Politics is politics is politics and that will never change. Sadly when the opposition is basically a bunch of 17th century flat-earthers the debate is almost literally poisoned from the outset. They love manned missions for the feel good moments and have little use for the science obtained on these missions. Continuing manned space flight is important but we have to find a more cost effective way of doing it. I think the new efforts by Richard Branson and others to bring the private sector into this arena are the way of the future and should be encouraged, but I see little value in making it the primary focus of government investment of tax dollars.
Trabb's Boy
I think there is a real value to this apart from whatever scientific information could be gleaned. It would be really fucking exciting! Our society treats scientific research as boring, scientists as social rejects, and is more and more treating scientific consensus as a matter of mere opinion. A really big scientific venture which could capture the imagination of kids and non-scientists could reduce or reverse this anti-science tendency.
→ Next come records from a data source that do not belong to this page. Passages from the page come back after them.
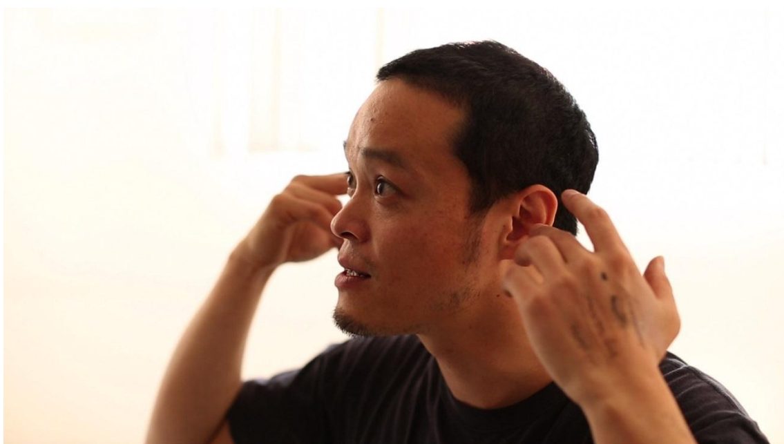
小泉明郎 ポートレート写真

1976年群馬県邑楽郡生まれ。横浜市在住。1999年国際基督教大学卒業。その後、チェルシー・カレッジ・オブ・アート・アンド・デザイン(ロンドン)にて映像表現を学ぶ。アーカスプロジェクト2003(茨城)、ライクスアカデミー(アムステルダム)等、国内外で滞在制作し、映像やパフォーマンスによる作品を発表している。主な個展に「Project Series 99: Meiro Koizumi」ニューヨーク近代美術館（2013年）、「Stories of a Beautiful Country」Centro de Arte Caja de Burgos[CAB]（ブルゴス/スペイン、2012年）、「MAM Project 009：小泉明郎」森美術館（東京、2009年）ほか、「フューチャー・ジェネレーション・アート・プライズ2012」ピンチュック・アートセンター（キエフ/ウクライナ、2012年）、「インビジブル・メモリー展」原美術館（東京、2011年）、「リバプール・ビエンナーレ2010」（2010年）、「メディア・シティ・ソウル2010」（2010年）、「第1回あいちトリエンナーレ」（2010年）などに参加。2012年には上毛芸術文化賞を受賞している。
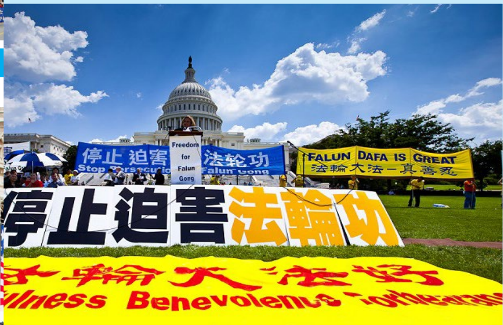
▲ 美国华盛顿民众在国会山庄前集会，要求中共停止迫害法轮功，严惩凶手，各界政要到场支持并发表演讲。
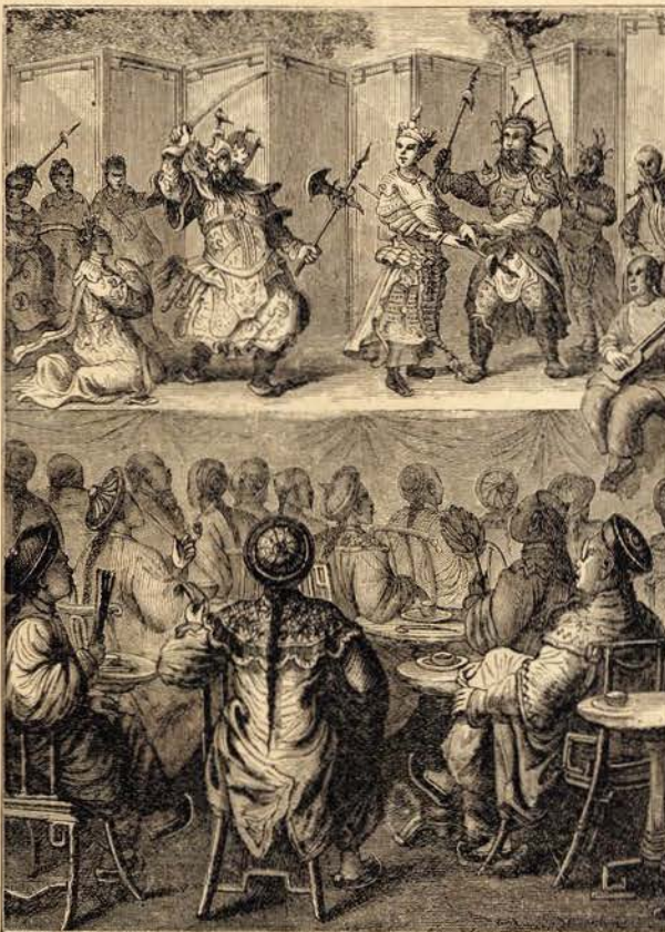
O THEATRO NA CHINA
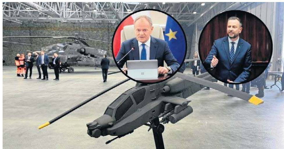
Władysław Kosiniak-Kamysz: Silna polska armia, dobrze wyposażony żołnierz Wojska Polskiego to gwarancja bezpieczeństwa

Jak mówił, silna polska armia, dobrze wyposażony żołnierz Wojska Polskiego to gwarancja bezpieczeństwa. - 96 Apache'ów to druga na świecie armia śmigłowców bojowych produkcji amerykańskiej, zaraz po Stanach
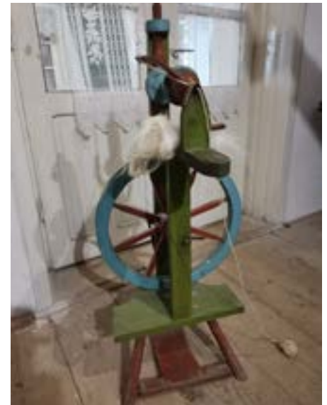
Gernik: předení vlny na kolovrátku
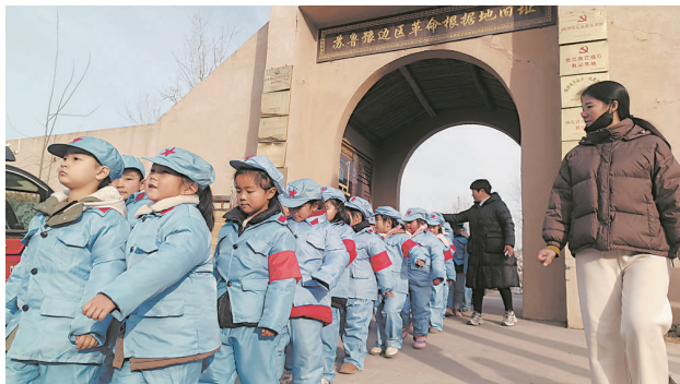
“小红军”到张寨村参观红色遗址

在鲁苏皖三省交界区，有一个现隶属于单县朱集镇的小村，名叫张寨。在中国共产党发展史和红色湖西区革命史中，张寨村功绩显赫。
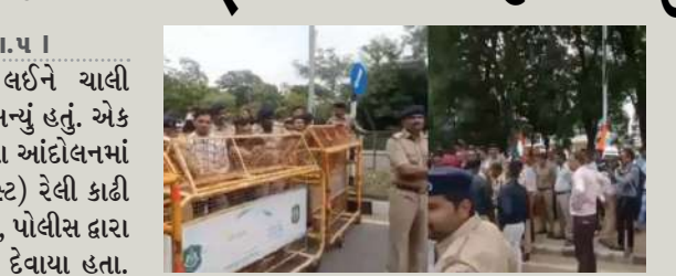
માંગણીઓને લઈને લડત ચલાવી રહ્યા છે. તેમનો મુદ્દો હતો કે, તેમના માટે અનામત રાખવામાં આવેલી

। પ્રતિનિધિ, ગાંધીનગર, તા.૫ । ગાંધીનગરમાં પડતર માંગણીને લઈને ચાલી રહેલું માજુ સૈનિકોનું આંદોલન ઉગ્ર બન્યું હતું. એક અઠવાડિયાથી વધુ સમયથી ચાલતા આ આંદોલનમાં માજુ સૈનિકોએ મંગળવારે (૫ ઓગસ્ટ) રેલી કાઢી વિધાનસભા ચરફ ક્લબ કરી હતી. પરંતુ, પોલીસ દ્વારા તેમને બસ સ્ટેશન પાસે જ અટકાવી દેવાયા હતા. નોંધનીય છે કે, માજુ સૈનિકો લાંબા સમયથી સરકારી ભરતીમાં અનામત બેઠક સહિતની વિવિધ પડતર

Not to say it’s worth it, but it’s not just a personal dick pump for the people involved.
inkadu
The only reason to send people to other planets is to start a colony. Until we can do that, we should send the trusty robutts.
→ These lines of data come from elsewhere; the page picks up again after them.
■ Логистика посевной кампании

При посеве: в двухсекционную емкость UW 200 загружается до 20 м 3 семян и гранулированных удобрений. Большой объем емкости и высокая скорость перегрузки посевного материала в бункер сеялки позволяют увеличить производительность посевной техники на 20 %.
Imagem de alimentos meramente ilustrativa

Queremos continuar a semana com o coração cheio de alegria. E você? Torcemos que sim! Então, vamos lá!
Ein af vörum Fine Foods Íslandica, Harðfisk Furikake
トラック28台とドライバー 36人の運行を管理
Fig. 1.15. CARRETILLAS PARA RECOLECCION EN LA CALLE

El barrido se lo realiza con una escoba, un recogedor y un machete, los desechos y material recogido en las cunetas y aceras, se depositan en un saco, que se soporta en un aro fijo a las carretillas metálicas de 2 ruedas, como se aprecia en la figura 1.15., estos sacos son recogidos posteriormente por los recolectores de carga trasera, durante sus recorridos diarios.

And once we have twelve colonies, we exterminate all the robots before they rebel.
Kirk Spencer
I’ve been space-struck for most of my life. I’m too old and more important decrepit to go even if I got the money (in my dreams) unless we build an elevator or hook. I view the idea of a manned mission to mars with mixed feelings. The sum of both sides of the mix are already mentioned.
It costs. It’s an exorbitant cost and the economic and scientific return is (probably) somewhere between miniscule and zero.
That word “probably” is one of the kickers. Robotics can watch for what we tell them to watch for. It’s a variation of GIGO (garbage in, garbage out). There are a lot of discoveries that have happened because somebody said, “Huh, that’s peculiar.”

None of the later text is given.